I think it is written fairly. Bitcoins and not dollars, and the rest of those things you listed that are covered by FDIC insurance are denominated in dollars. If someone (not you specifically) cannot understand the difference between dollars and bitcoins, they shouldn't be trading currencies.
Well, some people want exposure to bitcoins without necessarily understanding the block chain, recourse or anything really. That's the whole pitch behind everything the Winklevosses do in this ___domain. That's why they opened a bitcoin exchange traded fund and that's probably their rationale behind this exchange. Saying that "your dollars are eligible for FDIC insurance and never leave the country" makes someone think that their bitcoin balance is FDIC insured. I wasn't sure at first either and stock exchanges very explicitly state that their products are not FDIC insured and may lose value. Maybe the exchange has a similar disclaimer when you buy bitcoins on the exchange but I still think its a bit misleading to have that basically front and center.
Nothing wrong with wanting to invest in bitcoins without fully understanding them.
I didn't mean in the sense of not understanding Bitcoin itself. Rather, I meant that the FDIC isn't in the business of insuring Bitcoins, the same as they aren't into insuring RMB or any other non-USD currency.
> Well, some people want exposure to bitcoins without necessarily understanding the block chain, recourse or anything really. That's the whole pitch behind everything the Winklevosses do in this ___domain.
Yes and no. They initially wanted to open up the bitcoin market to institutional investors who want exposure without having to change anything in the trading software they use, the accounting structures etc. This meant: provide a bitcoin security that can be traded by wall street typically, such as an ETF on the NYSE or NASDAQ or something to that effect.

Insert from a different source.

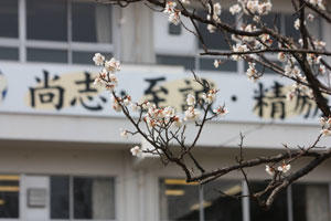 旧校舎中庭のロータリーに,春早く,香を漂わせた白梅は,今は三代目の校舎の西側に移植され,新しい地で変わらぬ香を生徒達に届けてくれています。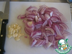 Лук порезать полукольцами. Я каждую половинку разделила еще на пополам. Чеснок пластинками. Обжарить 7-10 мин на среднем огне.

Barry Silbert's Second Market (definitely a wall street player) got there first in terms of accounting structures. They created a bitcoin security that anyone can buy and put on the books just like any other security (like some oil or wheat derivatives or whatever). But that was still sort of an old-fashion security that you buy on the phone rather than on an automated exchange. Not something that pension funds, university endowment funds etc can easily get into and scale up, but it opened up the bitcoin market to say small family wealth funds that wanted some exposure to the bitcoin price. Bitcoin is one of those things that is likely to either go to $0 or become 3 orders of magnitude more valuable. So if you believe there's a 10% chance that'll happen, investing $100k has an expected value of $9.9m, of course these are just made up numbers but this is often the rationale for investing even modest amounts of money. Silbert's GBTC (marketed under Grayscale) did fairly well but in wall street terms it's a really tiny fund (iirc about $50m or so).
The 'holy grail' for bitcoin investment right now would probably be an ETF. Basically the above security, but then traded on an exchange, a derivative of bitcoins trading on mainstream exchanges (i.e. exposure to bitcoin's price potential traded on exchanges where anyone can easily and automatically buy in without having to know anything about bitcoin or change accounting/audit practices). The Winklevoss's pitch was always to set up that ETF, which they're still working on, and the fact they just launched a normal exchange tells me they're either 1) building up the orderbooks, building relations with investors and building up liquidity etc a bit for a potential ETF launch later down the line or 2) the ETF is facing major, perhaps insurmountable roadblocks so they're pivoting to something less ambitious which is launch their own exchange. (which generally sucks because 1) there are major established players, like Coinbase, which are true software companies with half a billion dollar valuations, solid engineering teams and a big headstart, and 2) because none of the big players, like an investment fund, will be likely to register for your tiny exchange just to trade some bitcoin. They did get a lot of the legal frameworks right though, so it may be an interesting partner for investors nonetheless.)
As for security... well bitcoins are obviously not FDIC insured, but their security looks really tight, I'd feel very comfortable trading with them. [0][1] They still offer the 'you don't need to know anything about bitcoin or worry about security' pitch, but you still need to register with them rather than just select their security on the NYSE and click 'buy', and that doesn't fly for most big investment funds with strict auditing and accounting practices and automated trading teams. We'll see how it works out.
Also, FDIC insurance isn't for "if" your assets are lost, it's for "when". You can trust security and safety all you want, it's when things go wrong that you need insurance.
I really hope they get private insurance, because just like making sure there are enough lifeboats on the Titanic, hindsight is always 20/20.